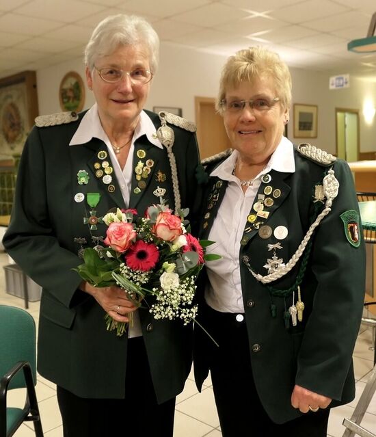 Marlies Immoor-Koopmann erhielt von Bärbel Rohlwing als Dank einen Blumenstrauß für ihre Arbeit als Sportleiterin rund um den Schießsport im Jahr 2023.
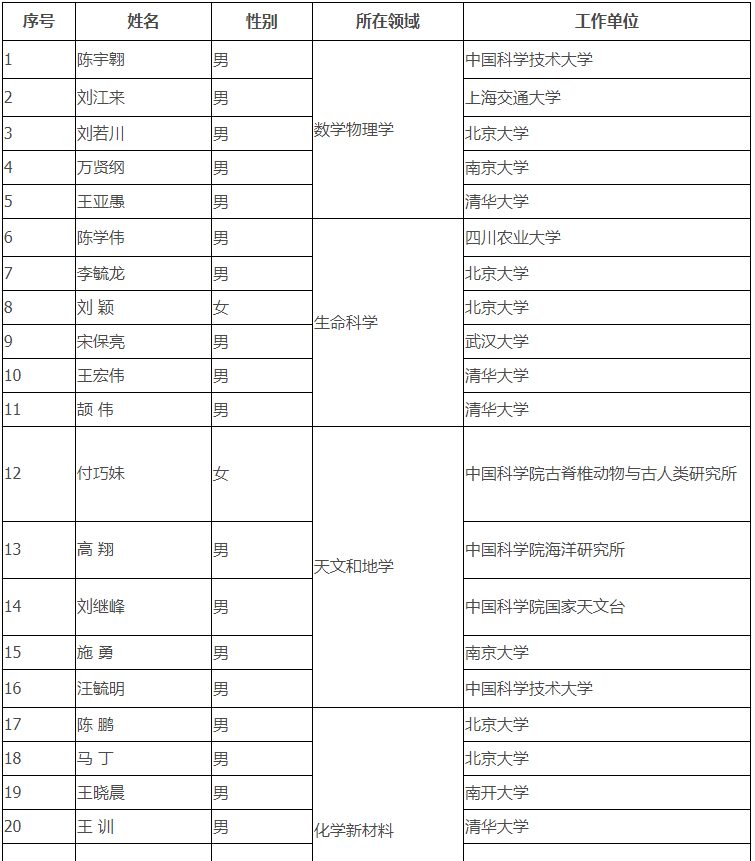 根據(jù)名單我們可發(fā)現(xiàn),此次獲獎(jiǎng)?wù)呓^大多數(shù)來自17所高校,如北京大學(xué)、清華大學(xué)、上海交通大學(xué)、浙江大學(xué)、中科大、南京大學(xué)、武漢大學(xué)、華中科技大學(xué)、東南大學(xué)、廈門大學(xué)、西南交通大學(xué)等;9名獲獎(jiǎng)?wù)邅碜韵嚓P(guān)研究所,還有一名來自中國石油化工股份有限公司。
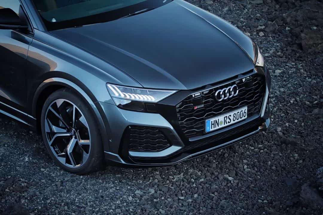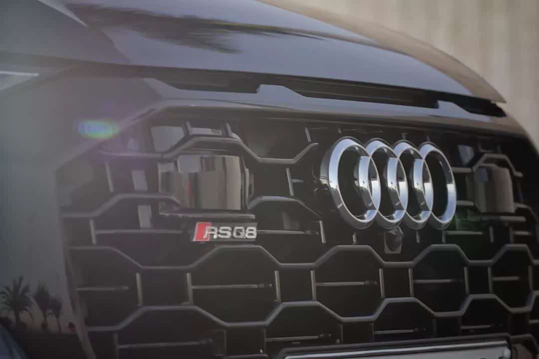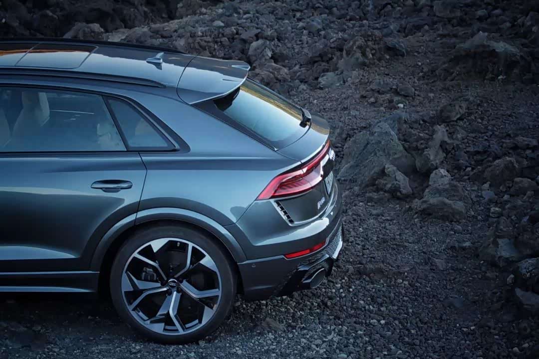 奥迪RS Q8的外观造型基本保留了Q8的比例,只不过安装了奥迪RS风格的运动化套件,但是有很多细节不同,比如离地间隙,毕竟Q8的基础车型相比之下更加注重通过能力,而对于RS Q8来说需要进一步降低车身,因为后者需要更快的速度。更低的姿态让RS Q8的姿态更加稳健,对于车来说,一低遮百丑,本来就帅的车,会更帅。不但低,还要宽,这套运动套件相比基础车型车身前端加宽了10mm,尾部加宽了5mm,更低,更宽,这姿态势必会咄咄逼人,车顶的扰流板是RS专属,而且这个扰流板并不是摆设,它提供的下压力重心刚好位于后轴上方,这会显著提升高速行驶时的车身稳定性。这次RS Q8为我们提供了一套熏黑风格的外观套件,有多黑?就连奥迪的四个圈儿都是黑色的,当我第一次看到停在路边的RS Q8时就被这种酷黑到底的风格吸引了,传统的亮色奥迪LOGO看起来更高级,而熏黑前脸则让这辆车像戴了一副黑色面具一样,杀气腾腾。
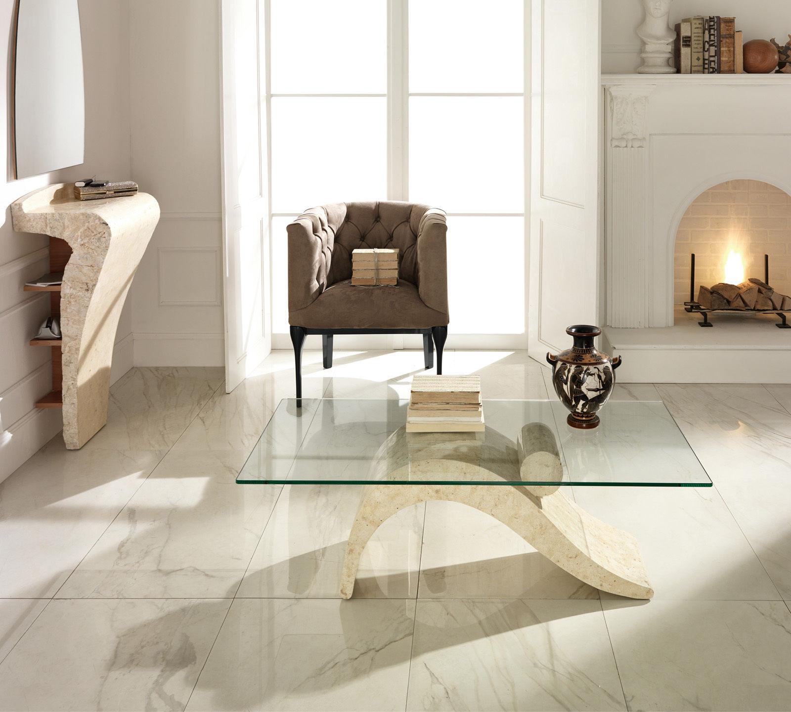 Pensaci se hai bambini piccoli inclini alle arti plastiche. Tavolino da caffè con base in pietra fossile e piano in vetro polifemo. Bianco mactan bianco grey stone grigio. 896 00 35 578 00.
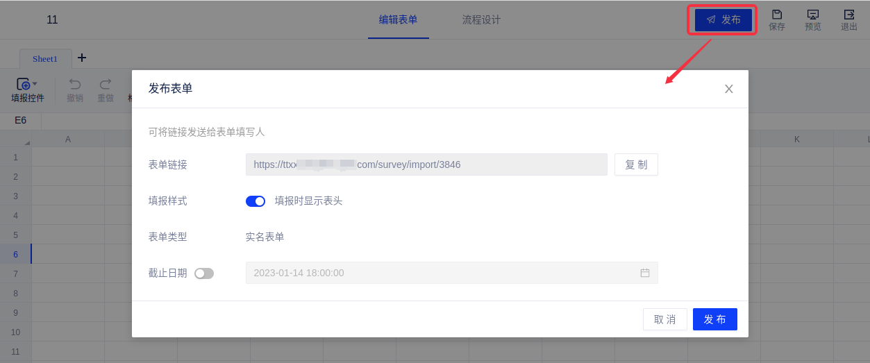 (1)选择需要发布的表单并进入其编辑页面,然后点击右上角[发布]按钮
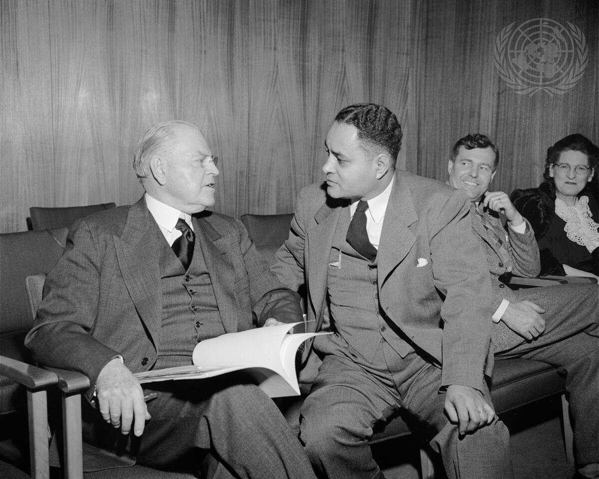 Warren R. Austin, Permanent Representative of the United States to the United Nations (left), talks with Ralph Bunche, Director of the United Nations Trusteeship Division and Secretary to the United Nations Special Committee on Palestine, before the Security Council at which the new United States plan on Palestine was submitted.
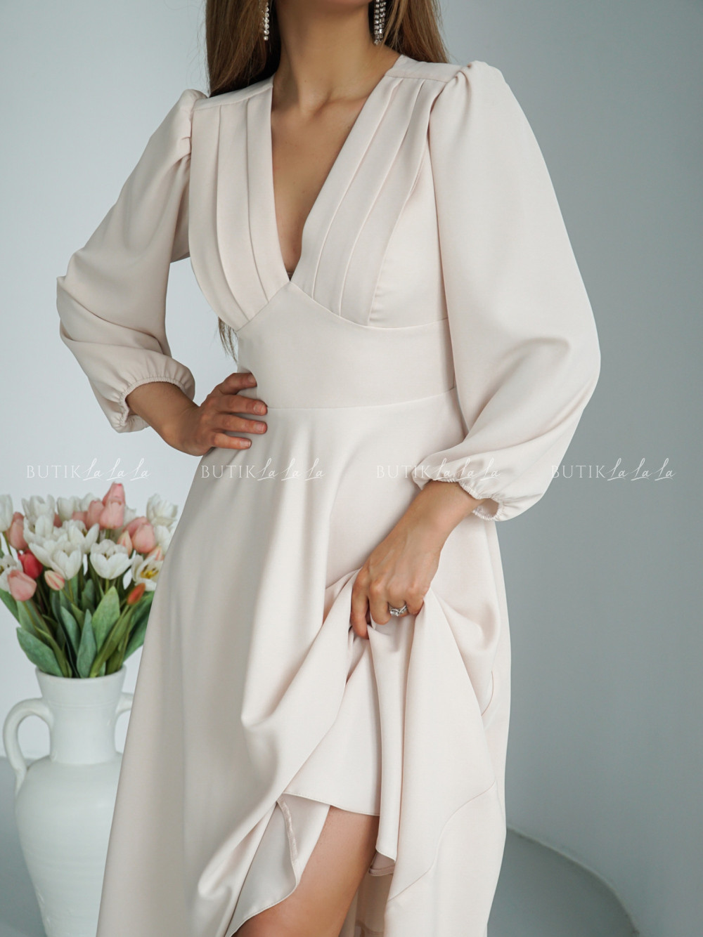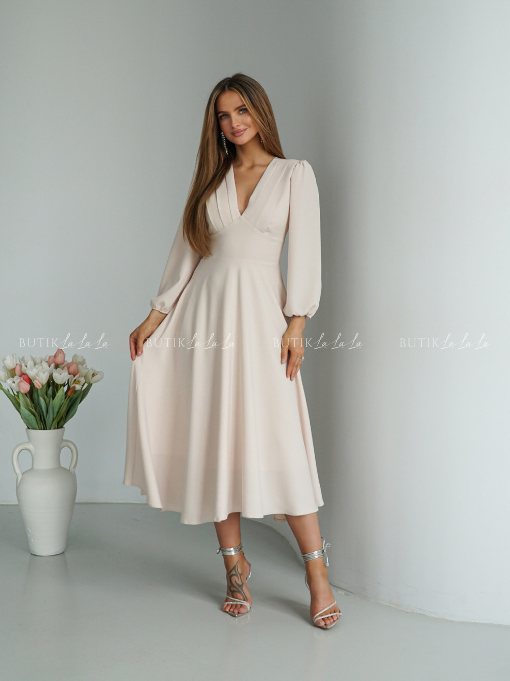 Sukienka midi beżowa Seda

__WORK INSTRUCTION__: What is needed is the full material, retyped unchanged, with no pictures in it.

__YOUR SOLUTION__:
 Marlies Immoor-Koopmann erhielt von Bärbel Rohlwing als Dank einen Blumenstrauß für ihre Arbeit als Sportleiterin rund um den Schießsport im Jahr 2023.
 根據(jù)名單我們可發(fā)現(xiàn),此次獲獎(jiǎng)?wù)呓^大多數(shù)來自17所高校,如北京大學(xué)、清華大學(xué)、上海交通大學(xué)、浙江大學(xué)、中科大、南京大學(xué)、武漢大學(xué)、華中科技大學(xué)、東南大學(xué)、廈門大學(xué)、西南交通大學(xué)等;9名獲獎(jiǎng)?wù)邅碜韵嚓P(guān)研究所,還有一名來自中國石油化工股份有限公司。
 奥迪RS Q8的外观造型基本保留了Q8的比例,只不过安装了奥迪RS风格的运动化套件,但是有很多细节不同,比如离地间隙,毕竟Q8的基础车型相比之下更加注重通过能力,而对于RS Q8来说需要进一步降低车身,因为后者需要更快的速度。更低的姿态让RS Q8的姿态更加稳健,对于车来说,一低遮百丑,本来就帅的车,会更帅。不但低,还要宽,这套运动套件相比基础车型车身前端加宽了10mm,尾部加宽了5mm,更低,更宽,这姿态势必会咄咄逼人,车顶的扰流板是RS专属,而且这个扰流板并不是摆设,它提供的下压力重心刚好位于后轴上方,这会显著提升高速行驶时的车身稳定性。这次RS Q8为我们提供了一套熏黑风格的外观套件,有多黑?就连奥迪的四个圈儿都是黑色的,当我第一次看到停在路边的RS Q8时就被这种酷黑到底的风格吸引了,传统的亮色奥迪LOGO看起来更高级,而熏黑前脸则让这辆车像戴了一副黑色面具一样,杀气腾腾。
 Pensaci se hai bambini piccoli inclini alle arti plastiche. Tavolino da caffè con base in pietra fossile e piano in vetro polifemo. Bianco mactan bianco grey stone grigio. 896 00 35 578 00.
 (1)选择需要发布的表单并进入其编辑页面,然后点击右上角[发布]按钮
 Warren R. Austin, Permanent Representative of the United States to the United Nations (left), talks with Ralph Bunche, Director of the United Nations Trusteeship Division and Secretary to the United Nations Special Committee on Palestine, before the Security Council at which the new United States plan on Palestine was submitted.
 Sukienka midi beżowa Seda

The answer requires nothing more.